Tranent star Marshall had dispatched Welsh qualifier Robert Chisholm in the previous round with consummate ease, but found No. 15 seed Gillett a much tougher nut to crack.

Marshall lost the first set 6-4, but despite an early lead in the second, he soon found himself behind again.

A two-shot deficit after four ends became four after the seventh, but a treble gave Marshall a glimmer of hope, but brilliant Gillett soon closed the door on the soon-to-be 50-year-old and clinched the match by picking up a single to clinch a straight-sets victory.

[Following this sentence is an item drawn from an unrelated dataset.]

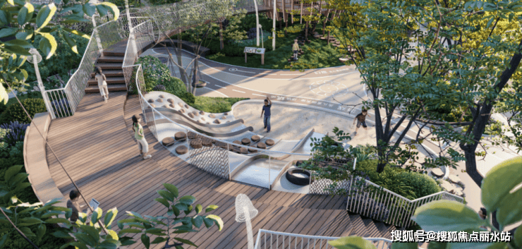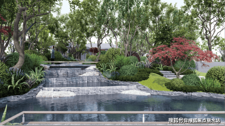 经过社区大堂就是约3600平方米超大尺度中心景观区,采用中式造园手法,强化高差体验,通过叠水、塑山、挑台、飞虹、跌瀑等实现景致的层次错落,塑造多维空间,在繁华中重拾朴素自然之美。
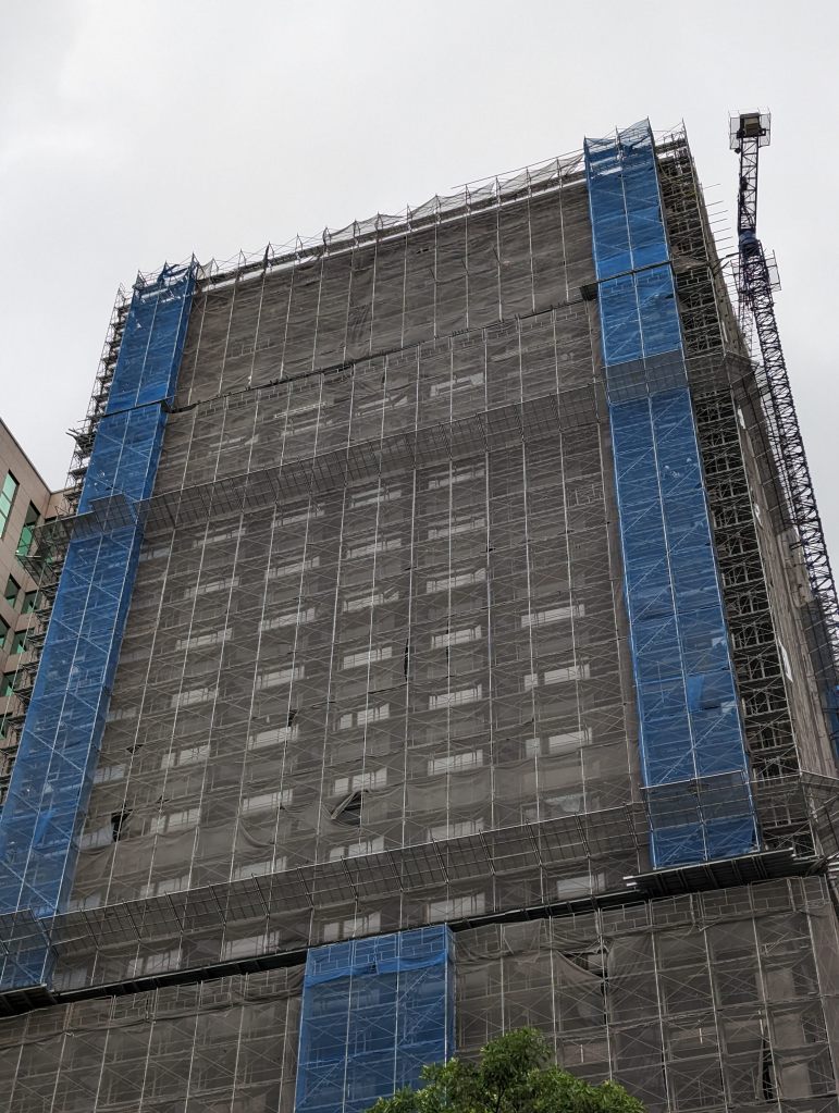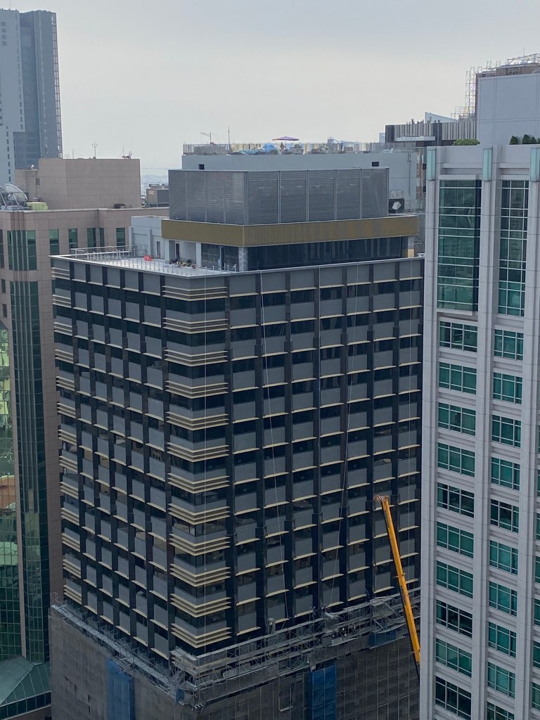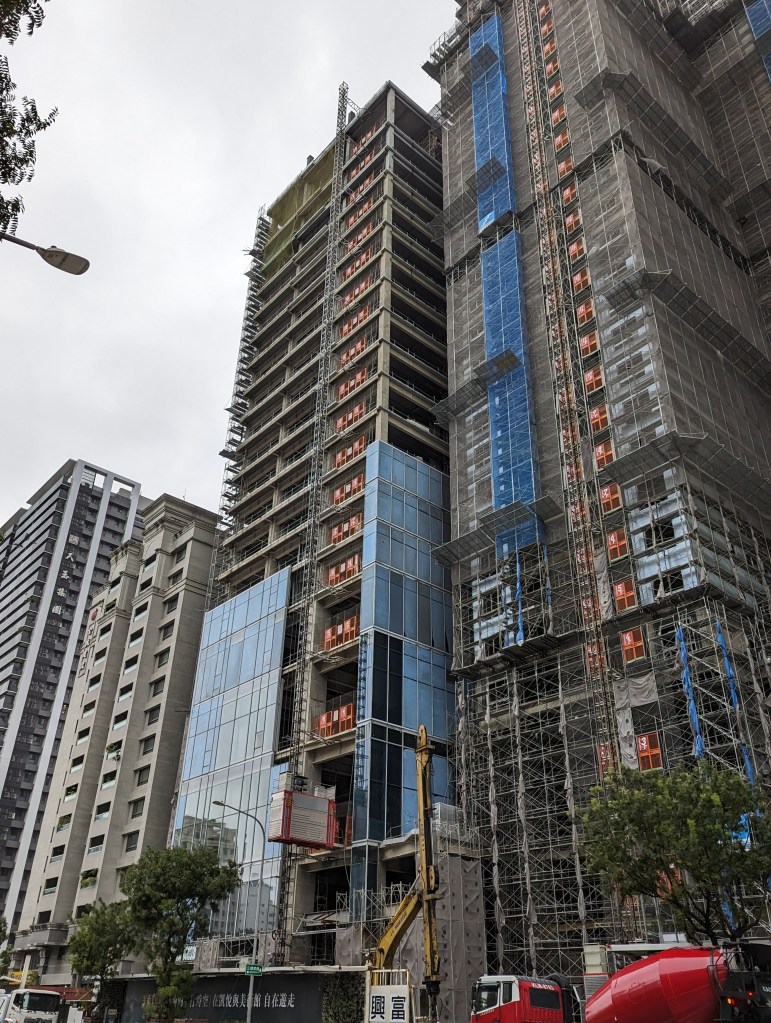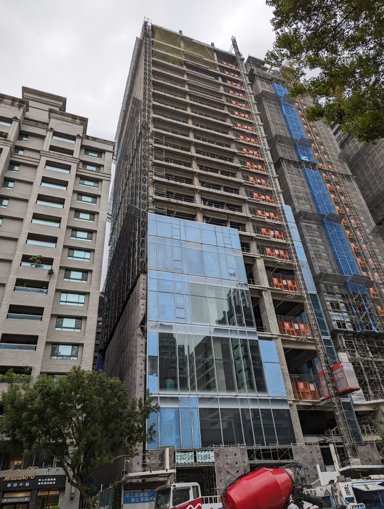 高雄凱悅酒店(Hyatt Regency Kaohsiung)就筆者於2023年10月4日所見的興建進度,酒店棟主體外觀看似大致完成,玻璃帷幕已開始從低樓層安裝,至於連接的雙棟豪宅也同樣是進入到外觀幾近完成的階段,而一街之隔的建案則已完工。高雄凱悅酒店推估完工開幕時程預計落在2024年至2025年之間。

Far from being down after defeat, Marshall insisted he would return in 12 months’ time, determined to add another title to his packed CV.

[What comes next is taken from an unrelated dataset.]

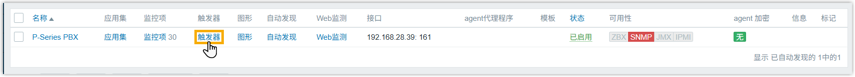 在 主机 列表,可以看到模板及监控项已与 PBX 主机关联成功。
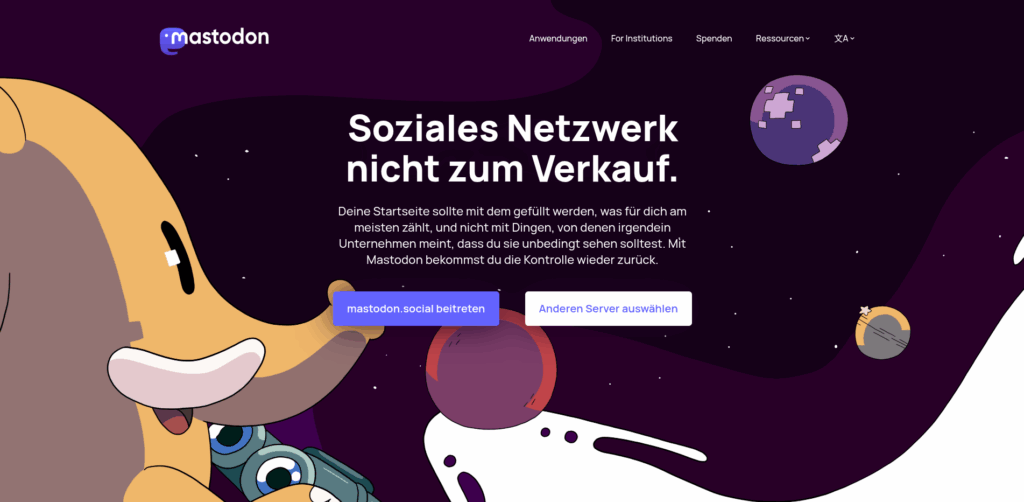 Mastodon wurde 2016 als dezentrale Alternative zu Twitter gegründet. Es besteht aus vielen unabhängigen Instanzen, die miteinander verbunden sind – das sogenannte Fediverse. User behalten die Kontrolle über ihre Daten und können frei wählen, welchem Server sie beitreten. Mastodon legt besonderen Wert auf offene Standards, Datenschutz und eine respektvolle Netzkultur ohne Hass oder Algorithmenmanipulation [6].

“I’ll be back,” he added. “I still feel I have been playing my best bowls in the last few years.

“I may be 50 in a few days, but it is just a number to me.

“If you’re still playing well and feeling okay, you can still carry on”.

Meanwhile, Joe Mower’s hopes of retaining the World Indoor Under-25 Singles title were thwarted when he lost his semi-final tie against English qualifier Martin Puckett.

The opening set was a tentative affair, with both players failing to find their best form on the portable rink. After six ends, the scoreline read 4-4 but then Puckett took a firm grip on the set by taking five shots over the next three ends to take it 9-4.

In the second set, both players seemed to settle and the quality of play improved dramatically; again after six ends played it was 4-4. Puckett took a single on the seventh end before Welshman Mower, who lives in Haddington, fought back to take a single on the next end.

In the final end of the set, Puckett produced a terrific last-bowl delivery to take the set and match.